--- Exercise aim ---
The whole listing, except its pictures, is to be repeated exactly.
----- Stored data
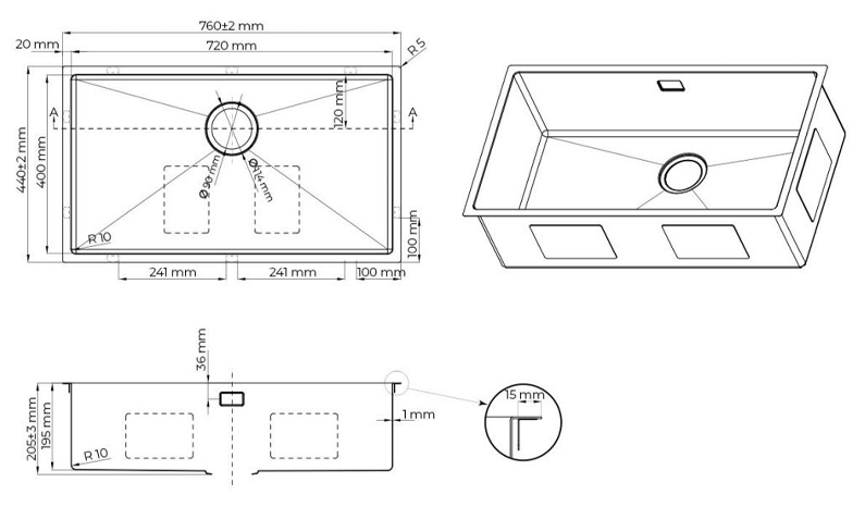 Powierzchnia zlewu jest matowa miła w dotyku, pozwala na łatwe czyszczenie, jest niepodatna na działania chemicznych preparatów, struktura nie ulega przebarwieniom. Korek zlewozmywaków Hydda tworzy ze zlewozmywakiem niemal jedną linię, co pozwala uzyskać bardziej elegancki efekt jednolitej kompozycji dna zlewu.
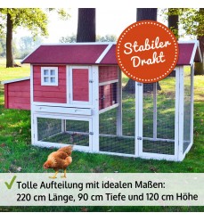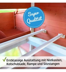 Hniezdny box je vybavený drevenou prepážkou a je tak rozdelený na dva samostatné koše. Box má otváraciu strechu, ktorá zaručuje jednoduché čistenie a výber vajec zvonku. K dispozícii sú aj dve drevené hniezda oválneho tvaru na odpočinok a spanie sliepok. Z kurína vedie rampa do veľkého výbehu a posuvné dvere do výbehu, ktoré sa dajú zvonku ľubovoľne zatvoriť kovovým posúvačom na ochranu sliepok pred dravcami v noci. Celý kurník je vyvýšený, čo zabraňuje prechladnutiu a premrznutiu spodnej časti kurníka.
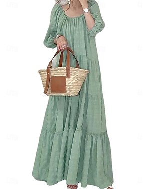 女性用 マキシドレス カジュアルドレス サマードレス ベーシック カジュアル バケーション 日常 レギュラー 平織り ハーフスリーブ クルーネック グリーン カーキ色 夏
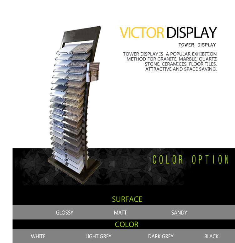 VQ101 Stone Display Tower of all metal structure can hold up to 40 colors granite, marble or quartz stone samples. LOGO can be print on the top panel. Quality powder coated surface. Production time is about 30 days. One unit one carton packing, pallet packing can be supply as request. Victor Display provide different material and custom size Stone Display Rack for Solid Surface Samples, Quartz Stone Sample , Granite and Marble Samples.
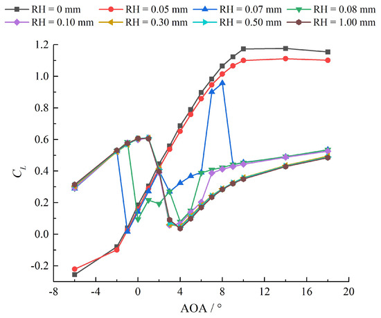 The aerodynamic performance of smooth and rough airfoils differs significantly, as detailed in the previous subsections. This raises the question of whether a critical state exists between these two performance regimes. To explore this, the effect of roughness height (RH) on airfoil performance is further analyzed, as illustrated in Figure 14. At low roughness heights (RH ≤ 0.05 mm), the lift coefficient curve closely mirrors that of a smooth airfoil, with both the lift slope and post-stall lift gradually decreasing as RH increases. This suggests that at low RH, the aerodynamic characteristics are only marginally affected, exhibiting a performance similar to that of a smooth airfoil, albeit with a slight decline. Conversely, at high roughness heights (RH ≥ 0.30 mm), the lift coefficient curve adopts a distinctive “N” shape, showing minimal variation with further increases in RH. This indicates that at high RH, aerodynamic performance is predominantly governed by the roughness, leading to a significantly altered and less efficient lift behavior that stabilizes in this new regime. For medium roughness heights (0.07 mm ≤ RH ≤ 0.10 mm), an intermediate condition emerges, characterized by unstable flow behavior as the angle of attack (AOA) increases, resulting in multiple saltation points in the lift curve. This reflects a transitional state where aerodynamic performance is neither fully smooth nor fully rough, leading to fluctuating and unstable lift characteristics.
----------
--- The answer ---
 Powierzchnia zlewu jest matowa miła w dotyku, pozwala na łatwe czyszczenie, jest niepodatna na działania chemicznych preparatów, struktura nie ulega przebarwieniom. Korek zlewozmywaków Hydda tworzy ze zlewozmywakiem niemal jedną linię, co pozwala uzyskać bardziej elegancki efekt jednolitej kompozycji dna zlewu.
 Hniezdny box je vybavený drevenou prepážkou a je tak rozdelený na dva samostatné koše. Box má otváraciu strechu, ktorá zaručuje jednoduché čistenie a výber vajec zvonku. K dispozícii sú aj dve drevené hniezda oválneho tvaru na odpočinok a spanie sliepok. Z kurína vedie rampa do veľkého výbehu a posuvné dvere do výbehu, ktoré sa dajú zvonku ľubovoľne zatvoriť kovovým posúvačom na ochranu sliepok pred dravcami v noci. Celý kurník je vyvýšený, čo zabraňuje prechladnutiu a premrznutiu spodnej časti kurníka.
 女性用 マキシドレス カジュアルドレス サマードレス ベーシック カジュアル バケーション 日常 レギュラー 平織り ハーフスリーブ クルーネック グリーン カーキ色 夏
 VQ101 Stone Display Tower of all metal structure can hold up to 40 colors granite, marble or quartz stone samples. LOGO can be print on the top panel. Quality powder coated surface. Production time is about 30 days. One unit one carton packing, pallet packing can be supply as request. Victor Display provide different material and custom size Stone Display Rack for Solid Surface Samples, Quartz Stone Sample , Granite and Marble Samples.
 The aerodynamic performance of smooth and rough airfoils differs significantly, as detailed in the previous subsections. This raises the question of whether a critical state exists between these two performance regimes. To explore this, the effect of roughness height (RH) on airfoil performance is further analyzed, as illustrated in Figure 14. At low roughness heights (RH ≤ 0.05 mm), the lift coefficient curve closely mirrors that of a smooth airfoil, with both the lift slope and post-stall lift gradually decreasing as RH increases. This suggests that at low RH, the aerodynamic characteristics are only marginally affected, exhibiting a performance similar to that of a smooth airfoil, albeit with a slight decline. Conversely, at high roughness heights (RH ≥ 0.30 mm), the lift coefficient curve adopts a distinctive “N” shape, showing minimal variation with further increases in RH. This indicates that at high RH, aerodynamic performance is predominantly governed by the roughness, leading to a significantly altered and less efficient lift behavior that stabilizes in this new regime. For medium roughness heights (0.07 mm ≤ RH ≤ 0.10 mm), an intermediate condition emerges, characterized by unstable flow behavior as the angle of attack (AOA) increases, resulting in multiple saltation points in the lift curve. This reflects a transitional state where aerodynamic performance is neither fully smooth nor fully rough, leading to fluctuating and unstable lift characteristics.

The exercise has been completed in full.